(Beginning of Records to process)
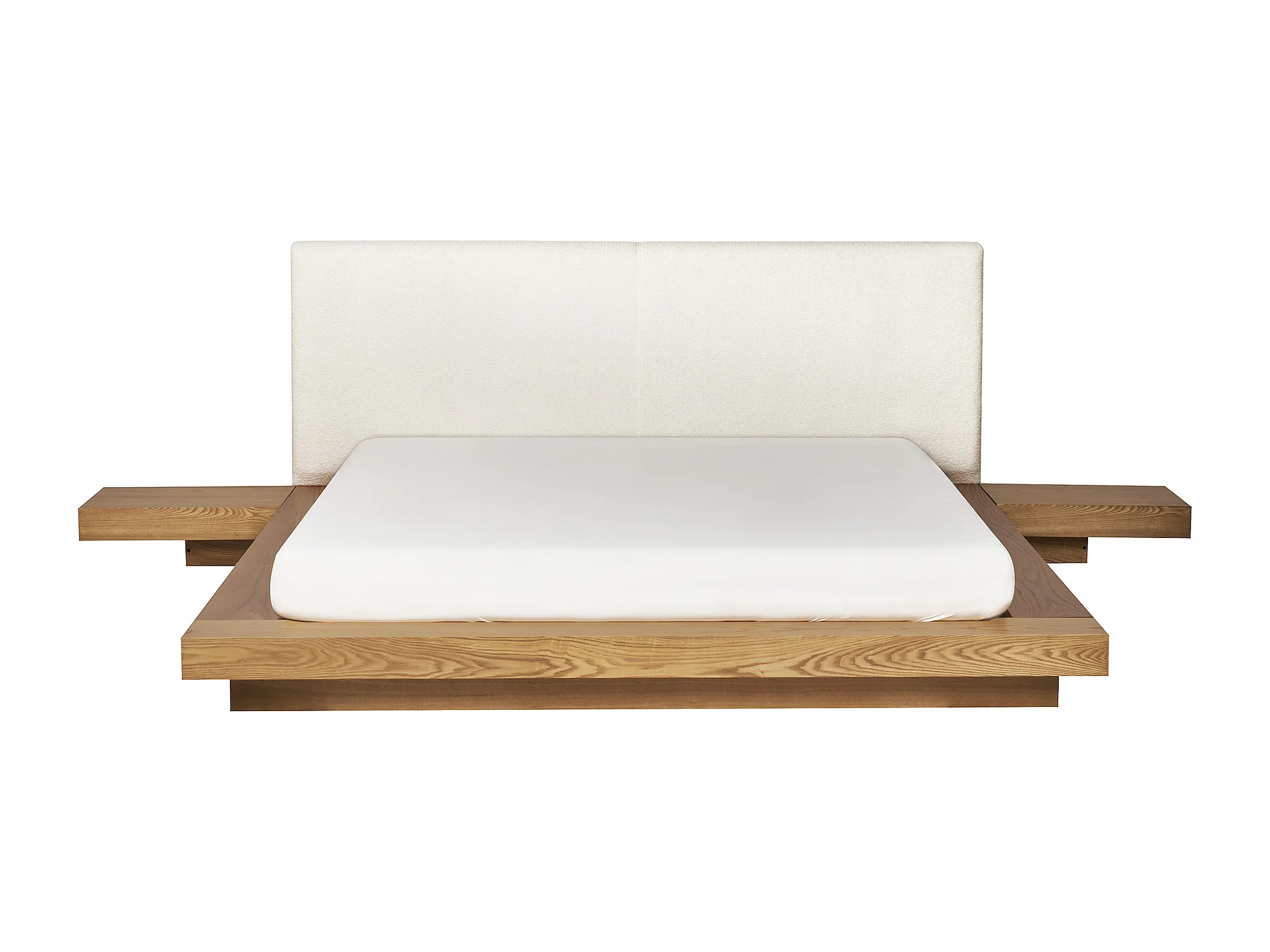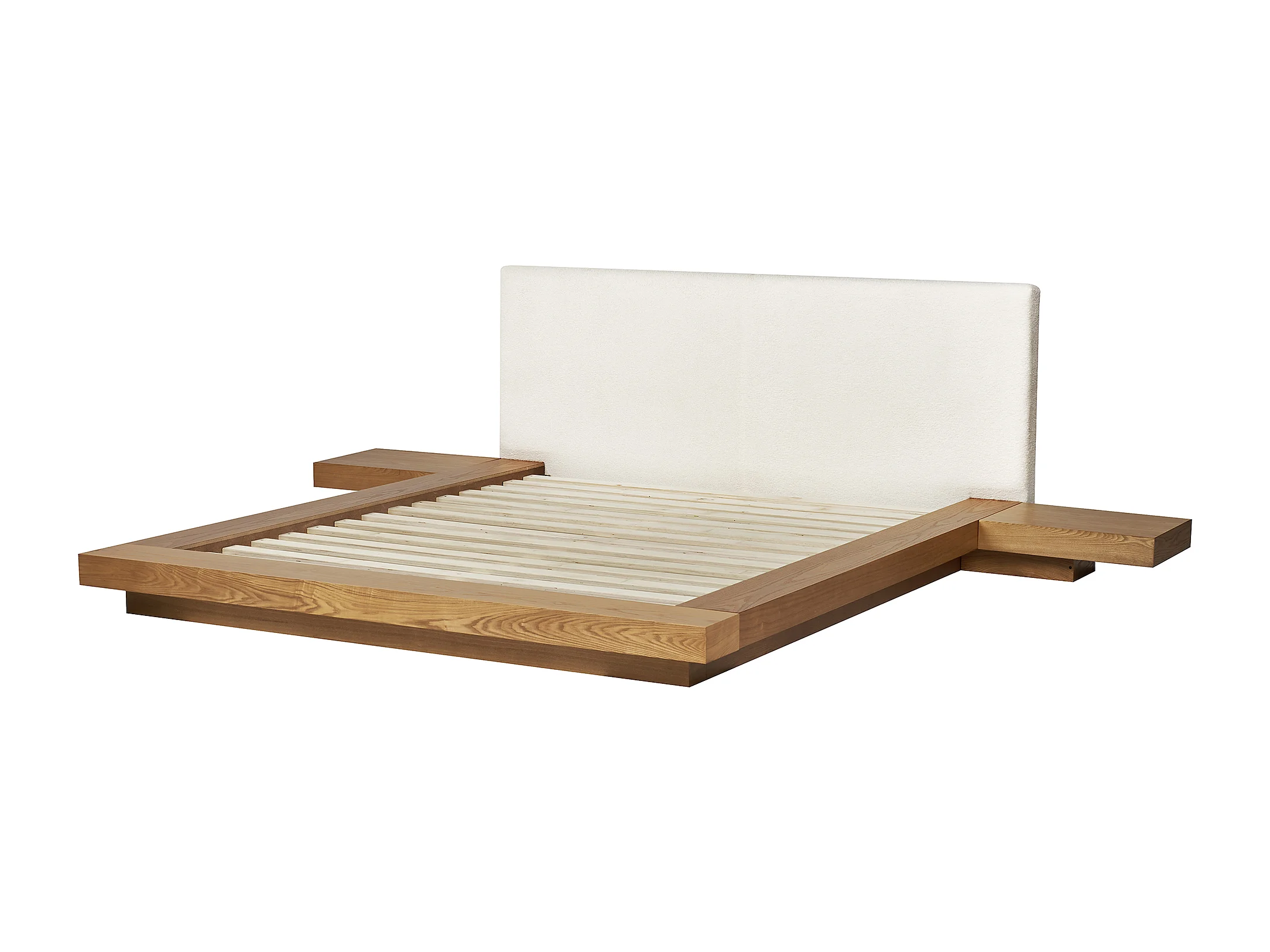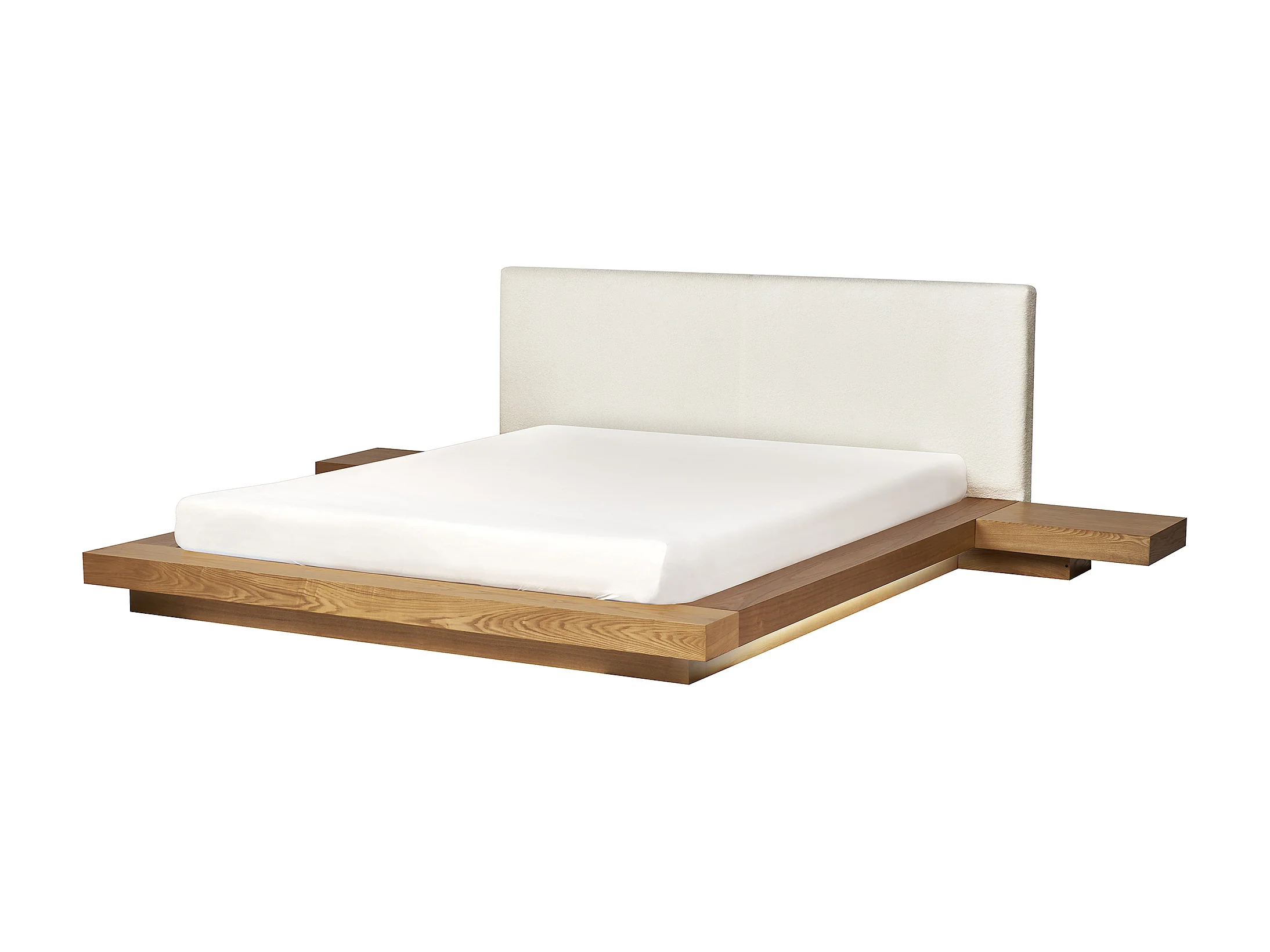 Bed met LED-verlichting Bouclé ZEN 160 x 200 cm LED Natuurlijk essenhout
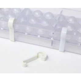 Pralinenform für Eier mit Kristalloberfläche. Bei Verwendung von zwei Formen können Eier mit 33 mm Höhe und 22,7 mm Durchmesser und 10,4 Gramm Gewicht hergestellt werden. Stabile, langlebige Polycarbonatform.
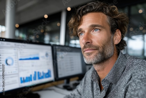 A dedicated professional studies analytics on computer screens, reflecting seriousness, determination, and the fast-paced world of data-driven decision-making in business.
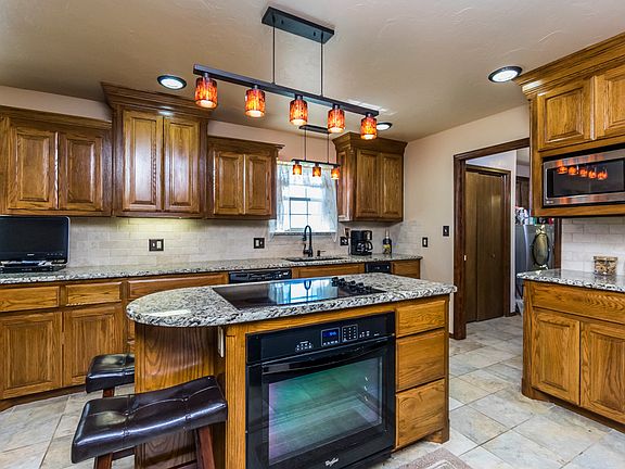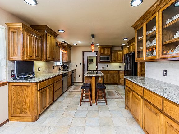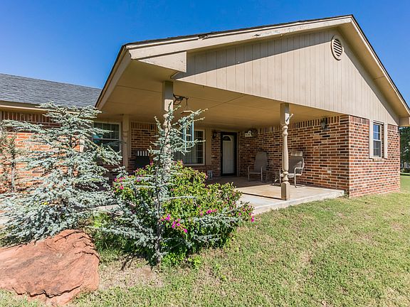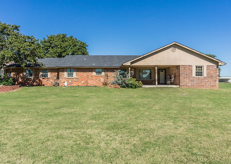 Country Oasis Acreage just minutes from OKC, Norman, Tuttle. Grand front porch prepares you for the 'large gathering' flow of this immaculate 2,665 sf home. Spacious country kitchen opens to dining room, has granite counter tops, subway tile backsplash, stainless appliances, pendant lighting on cook island, additional pantry space in utility room. Living room has exposed brick hearth, wood-burning fireplace, new carpet throughout, new HVAC . Master bedroom is large enough for king bed, over-sized furniture. Has en-suite bathroom, adorable primping counter, a 'Lisa' private shower. Extra large bedroom has walk-in closet. Lots of hallway storage for linens & towels. Huge room for home office, 2nd living, game room or media room. Breezeway to 2 car garage. 34x22 covered RV pad has electrical outlet, 30x40 wired workshop, 14x17 storage building plus a storm shelter. This home was built with pride of craftsmanship and quality construction. Mature shade trees dot this beautiful property.
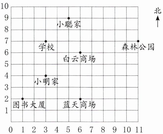 小明家() 小聪家() 图书大厦() 森林公园()
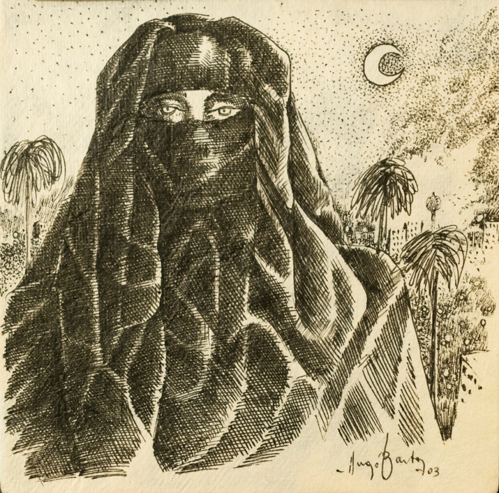 Bucear en su mirada es internarse en un desierto de arenas insondables, en un espacio abierto de distancias medidas en calor y sombras; en un tiempo inmóvil cronometrado en sueños sostenidos en la somnolencia. Mientras la joroba del dromedario se balancea sin prisa, al ritmo monótono de recuerdos ancestrales sus ojos se humedecen con la humedad de los oasis y se secan con el reflejo del sol en la arena. Sus ojos —liberados en el tiempo— relatan historias de sed que se cuentan en fogones abiertos al cielo estrellado. Esos ojos que identifican encrucijadas de dunas errantes misteriosas sin señalizar. Esos ojos no tienen palabras en ningún idioma conocido, tienen solamente imágenes forjadas a fuego por las llamas que brotan del suelo incandescente.
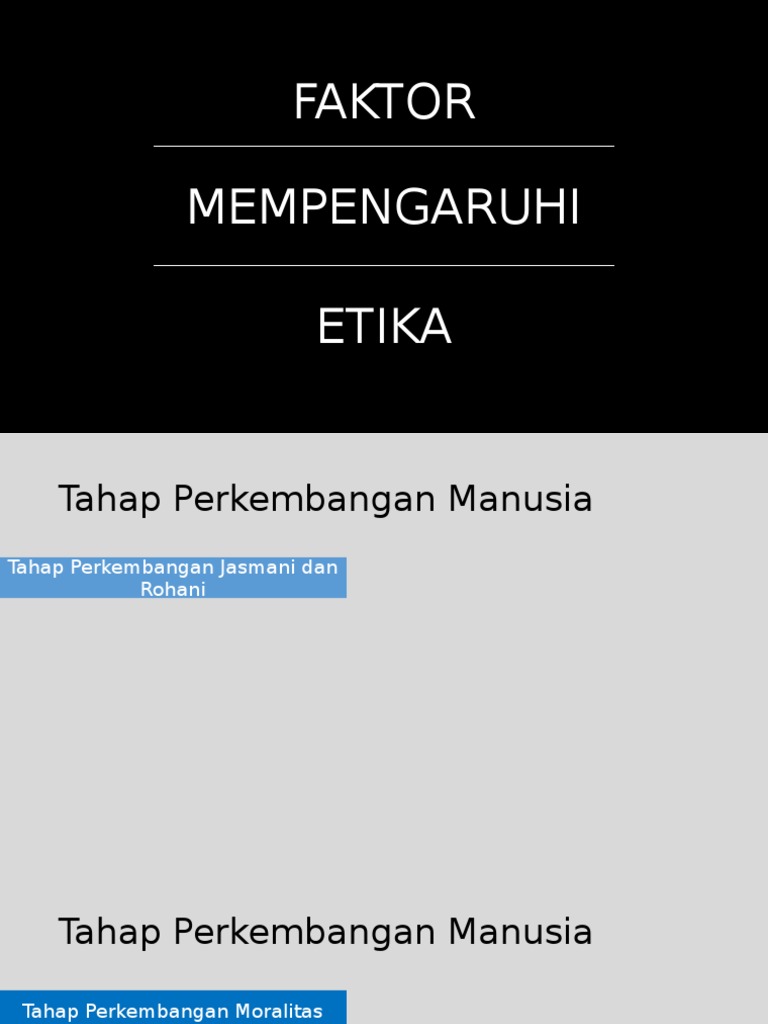 • pekerjaan • tahap pendidikan • tempat tinggal; Antara berikut merupakan faktor pembentukan etika individu kecuali: Perilaku dan kebiasaan individu yang terakumulasi dan tak dikoreksi 4. Salam sejahtera, etika adalah penting dalam kehidupan manusia kerana ia membantu kepada pembentukan keharmonian, kesejahteraan, kerukunan dan kedamaian hidup. Lingkungan yang tidak etis 5.
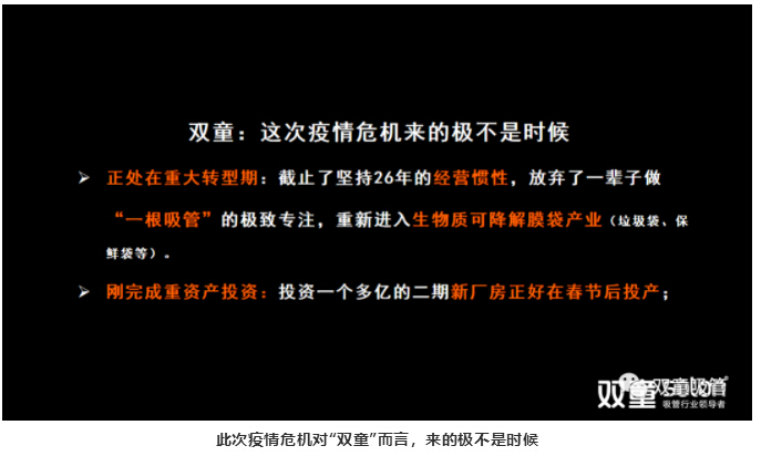 面對此次疫情危機對“雙童”帶來(lái)的巨大影響和挑戰,“雙童”在堅守實(shí)業(yè)的同時(shí)選擇擁抱變化,突破固有思維,不再僅僅只做一根吸管,堅持發(fā)展企業(yè)“第二曲線(xiàn)”轉型投產(chǎn)于生物質(zhì)可降解膜袋!
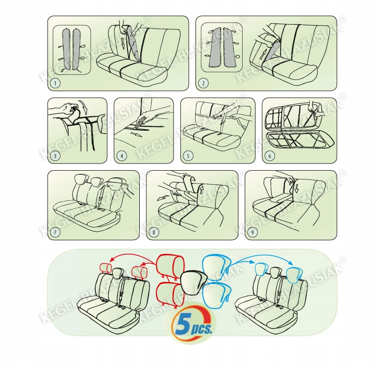 Чипка заднього сидіння поставляється з п’ятьма чохлами для підголівників – 2 підголівники класичної форми чохли та 3 «плоскі» чохли на підголівники. Клієнт вибирає 3 підходящі для свого автомобіля і залишає 2 як запасні.
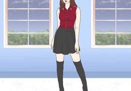 Wear a dressy top and tall boots for a party. You can wear almost any color top with a neutral skater skirt, or choose a neutral top with a bright, flashy skirt. Collared blouses look great with skater skirts, as do sleeveless tops with decorative ruching. Adding knee-high boots adds instant glam, and above-the-knee boots offer a sexy, svelte look. Add knee-high socks or tights for an even more formal look. Coordinate your tights with your shirt for an added pop.
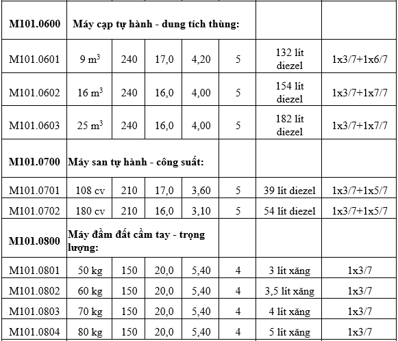 Định mức các hao phí xác định giá ca máy và thiết bị thi công xây dựng gồm 2 chương được trình bày theo nhóm, loại máy và được mã hóa thống nhất bằng mã hiệu.
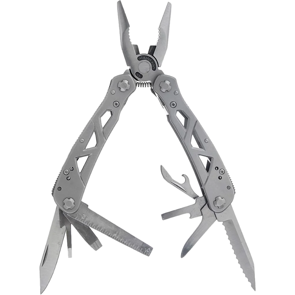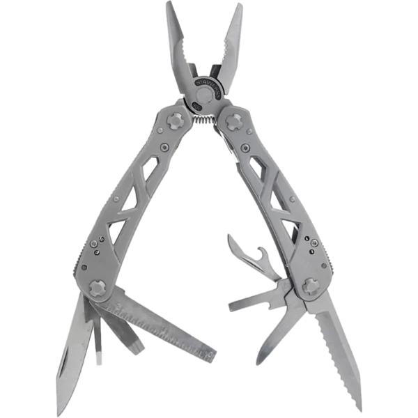 The Ganzo G112 is a full-sized multi-tool with all the necessary characteristics to become indispensible in every backpack. This multi-tool can correct fishing gears, repair camping equipment, a bike or even a car. All elements of the multi-tool are made of 3Cr13 steel, The characteristics of this alloy are similar to the popular 440A steel but this is harder (about 57HRC), this allows the blades to remain sharp for a longer time. Since this type of steel has good rust resistance it can withstand harsher environmental conditions. The pliers are the main tool of the Ganzo G112 multi-tool. They are strong enough to be able to do serious work. with built in cutting-pliers. The kit includes two knives: with straight and serrated cutting edges, awl, ruler, bottle opener for cans and bottles, crusiform screw-driver and two flat screw-drivers. The kit also includes nine replaceable heads for screw-drivers and a magnetic adapter for them. All supplied in a Nylon case.
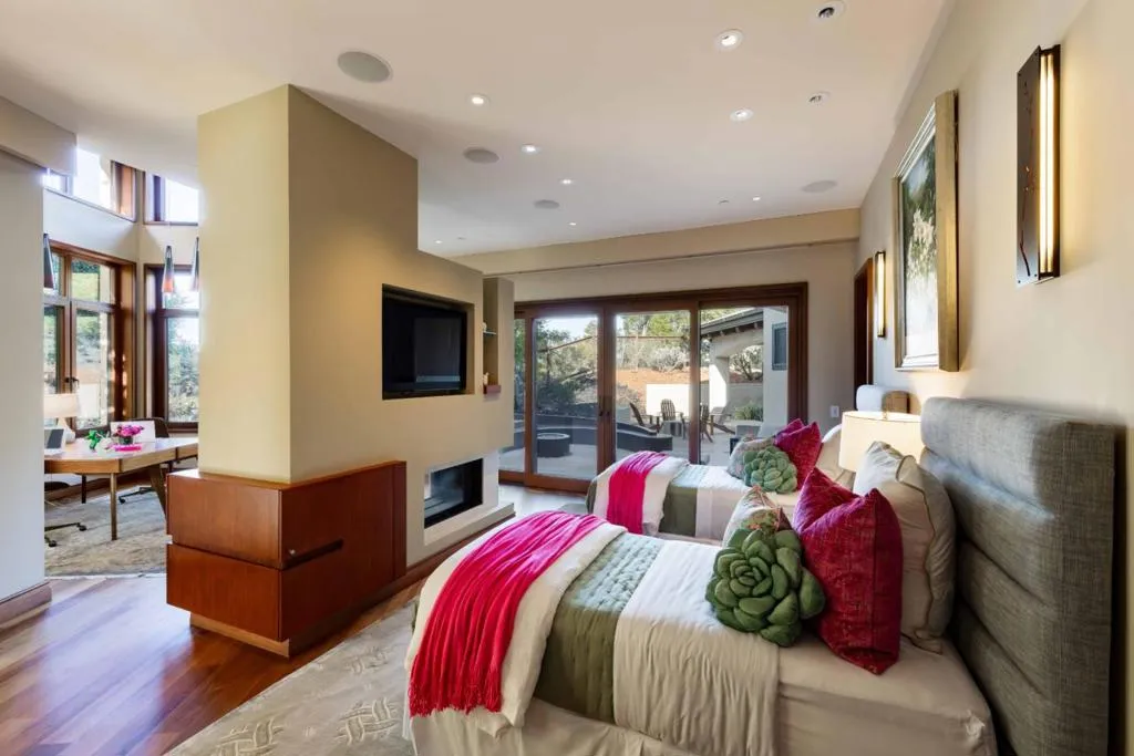 This stunning residence of 20,982 sq. ft. rests on more than 8 acres of resort-like grounds. Globally-inspired architecture, flawless construction by an award-winning builder, the finest materials, finishes, and technology, and exquisite interior and landscape design, create spaces that are inspiring and comfortable. From its sumptuous master suite, supremely appointed kitchens, and indoor pool under retractable skylights, to its 15-seat theater, 3,000-bottle capacity wine cellar, and comprehensive home automation, this remarkable haven offers every conceivable amenity. A separate office structure is amply outfitted to host executive-level meetings and serve other business needs. This prestigious estate is surrounded by verdant views and is just minutes from all the major Silicon Valley tech companies, Sand Hill Road VCs, top-10 ranked California schools, major airports, and central to the best of Bay Area attractions.
(End of Records to process)
--- Task instructions ---
Print again, exactly, the lines of the records above from the first line through the line with "A dedicated professional". No pictures.

--- Expected output ---
 Bed met LED-verlichting Bouclé ZEN 160 x 200 cm LED Natuurlijk essenhout
 Pralinenform für Eier mit Kristalloberfläche. Bei Verwendung von zwei Formen können Eier mit 33 mm Höhe und 22,7 mm Durchmesser und 10,4 Gramm Gewicht hergestellt werden. Stabile, langlebige Polycarbonatform.
 A dedicated professional studies analytics on computer screens, reflecting seriousness, determination, and the fast-paced world of data-driven decision-making in business.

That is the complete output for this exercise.